#### Source material
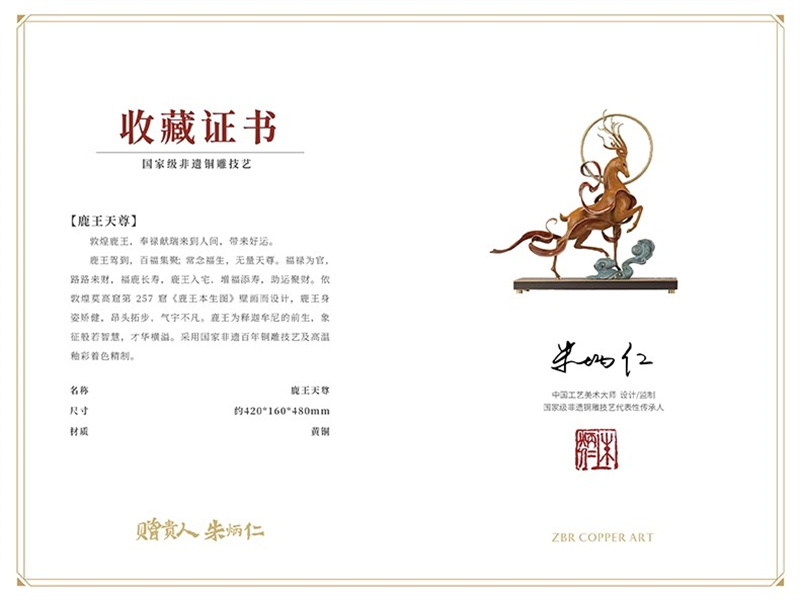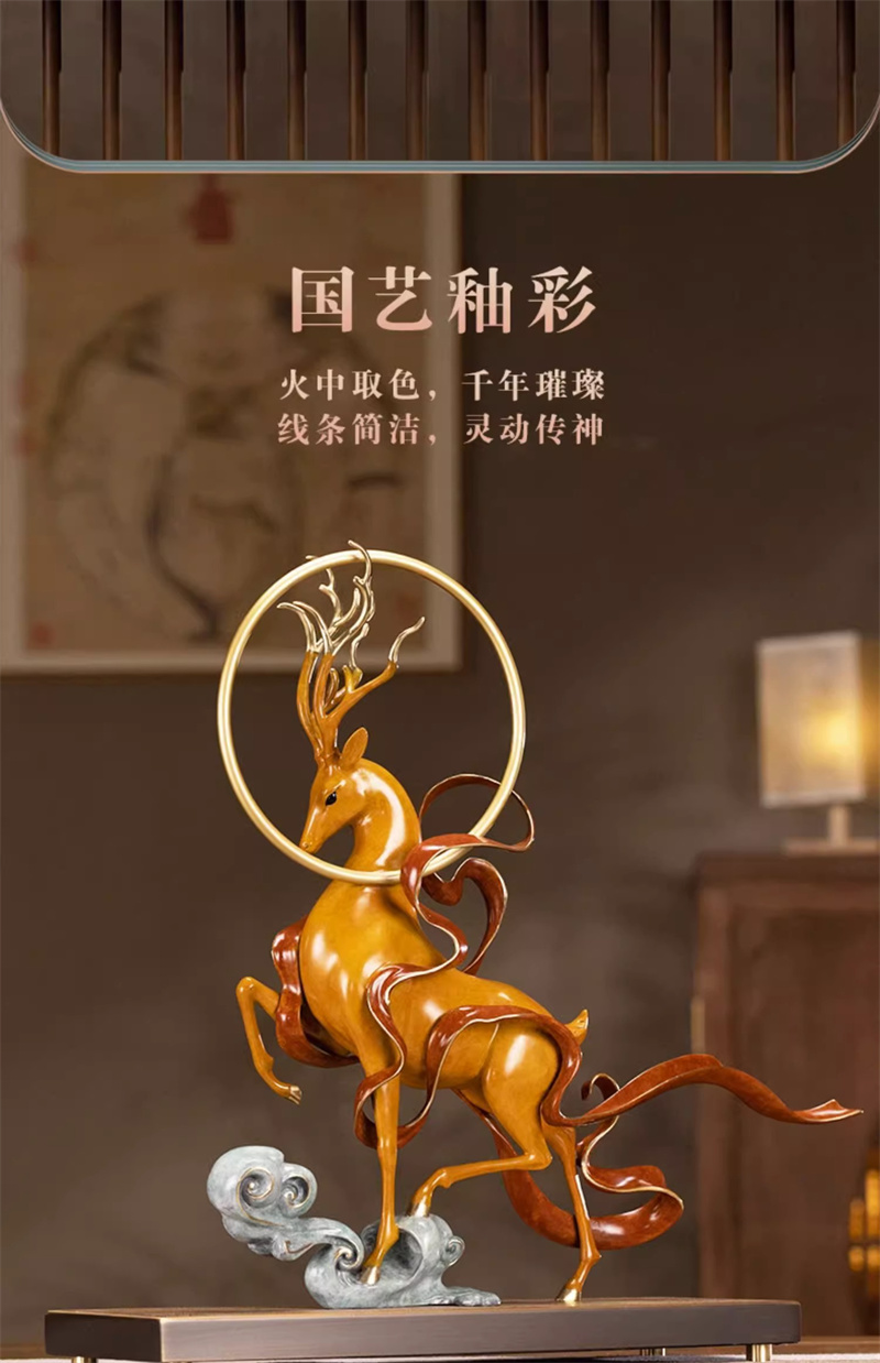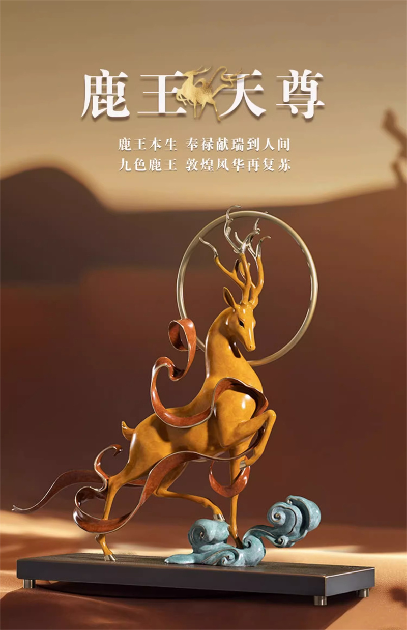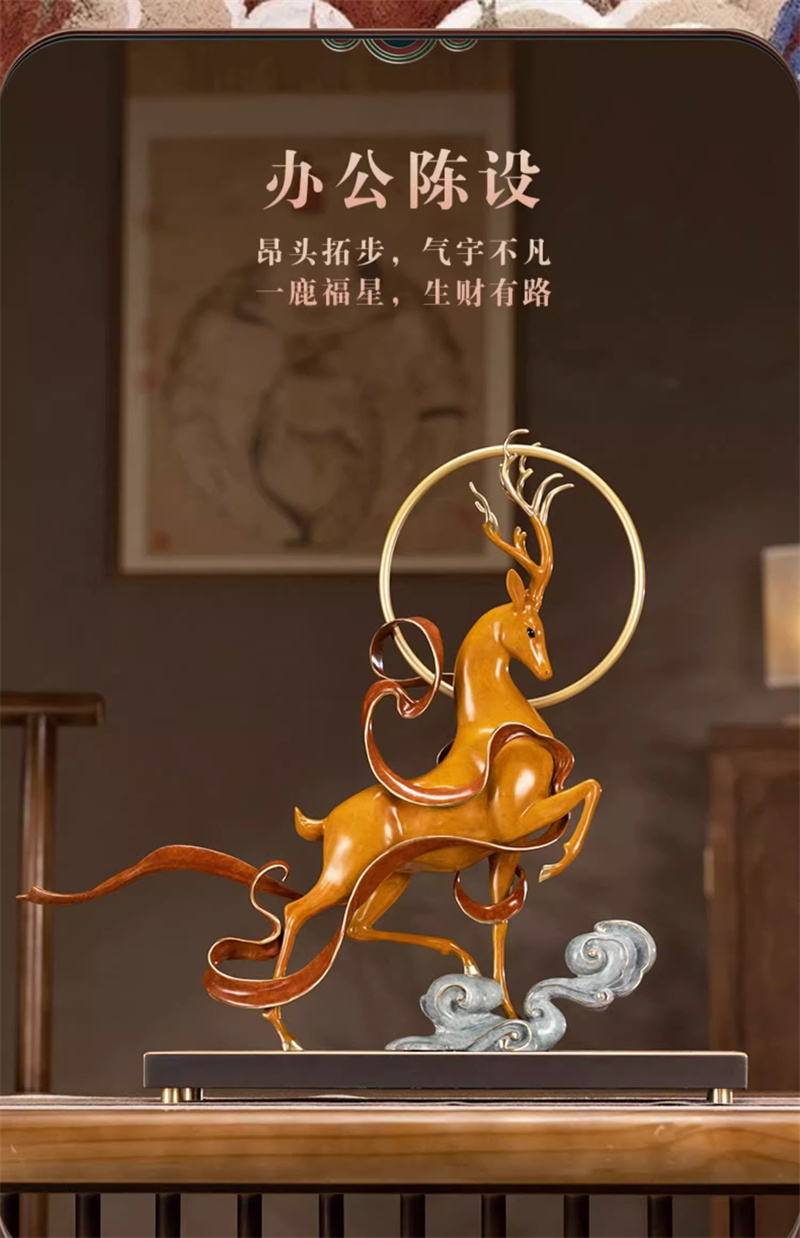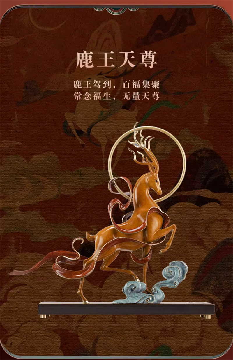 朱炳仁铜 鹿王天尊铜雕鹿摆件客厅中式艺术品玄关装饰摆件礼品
==
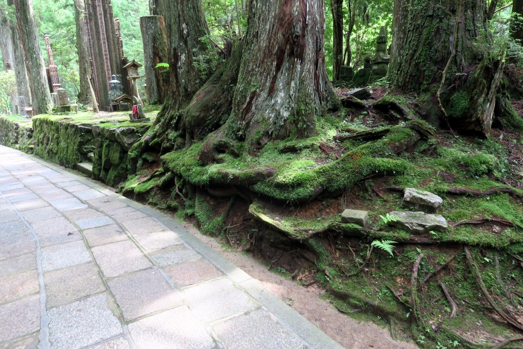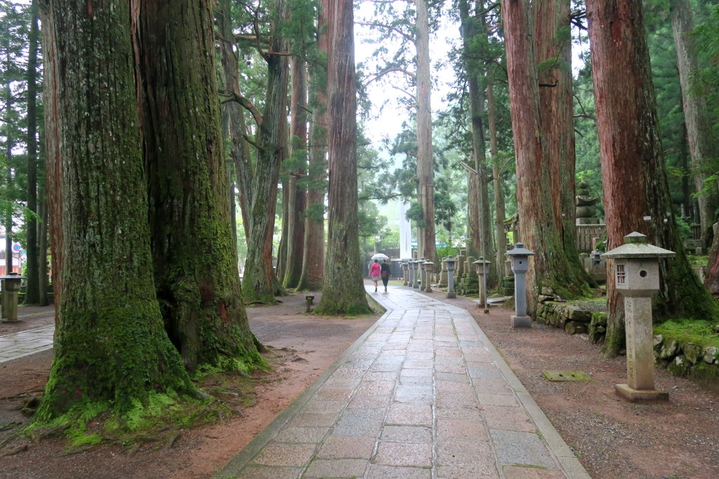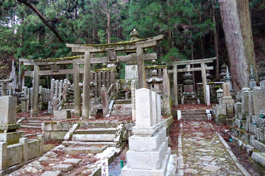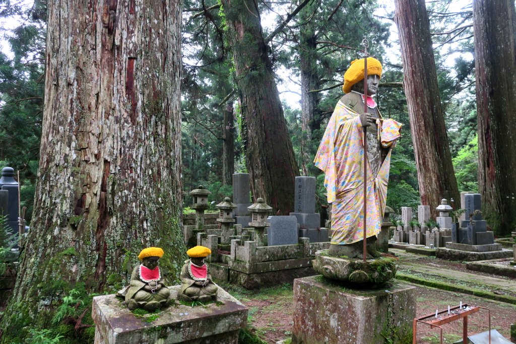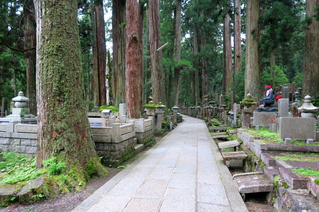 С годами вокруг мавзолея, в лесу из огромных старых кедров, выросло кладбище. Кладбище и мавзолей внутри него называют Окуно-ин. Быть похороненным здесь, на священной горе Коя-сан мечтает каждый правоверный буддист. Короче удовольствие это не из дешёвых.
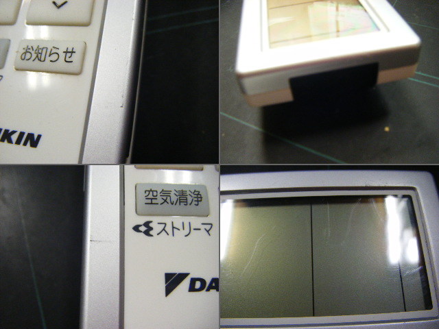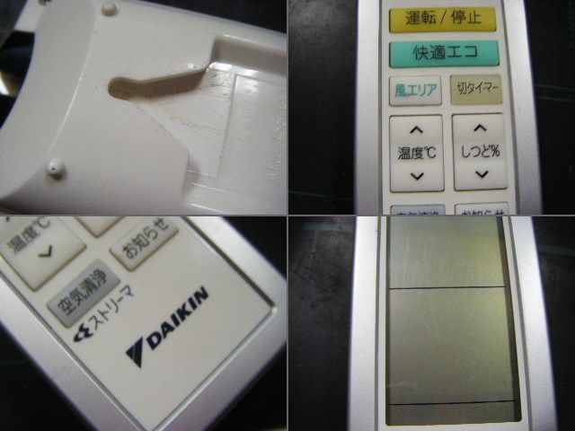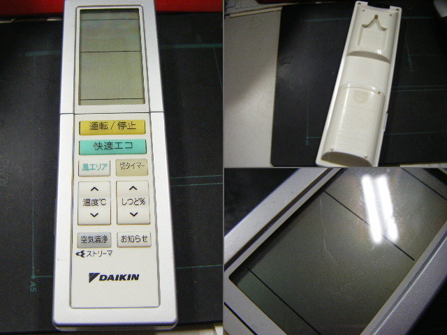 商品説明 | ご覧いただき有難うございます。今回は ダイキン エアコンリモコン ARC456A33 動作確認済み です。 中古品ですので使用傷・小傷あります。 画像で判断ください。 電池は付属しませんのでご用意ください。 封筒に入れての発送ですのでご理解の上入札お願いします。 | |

#### Task
Leaving out all pictures, set down exactly the lines of the material above, from the line with "С годами вокруг" to the line with "商品説明 | ご覧いただき有難うございます。今回は" inclusive, and no others.

#### Exercise output
 С годами вокруг мавзолея, в лесу из огромных старых кедров, выросло кладбище. Кладбище и мавзолей внутри него называют Окуно-ин. Быть похороненным здесь, на священной горе Коя-сан мечтает каждый правоверный буддист. Короче удовольствие это не из дешёвых.
 商品説明 | ご覧いただき有難うございます。今回は ダイキン エアコンリモコン ARC456A33 動作確認済み です。 中古品ですので使用傷・小傷あります。 画像で判断ください。 電池は付属しませんのでご用意ください。 封筒に入れての発送ですのでご理解の上入札お願いします。 | |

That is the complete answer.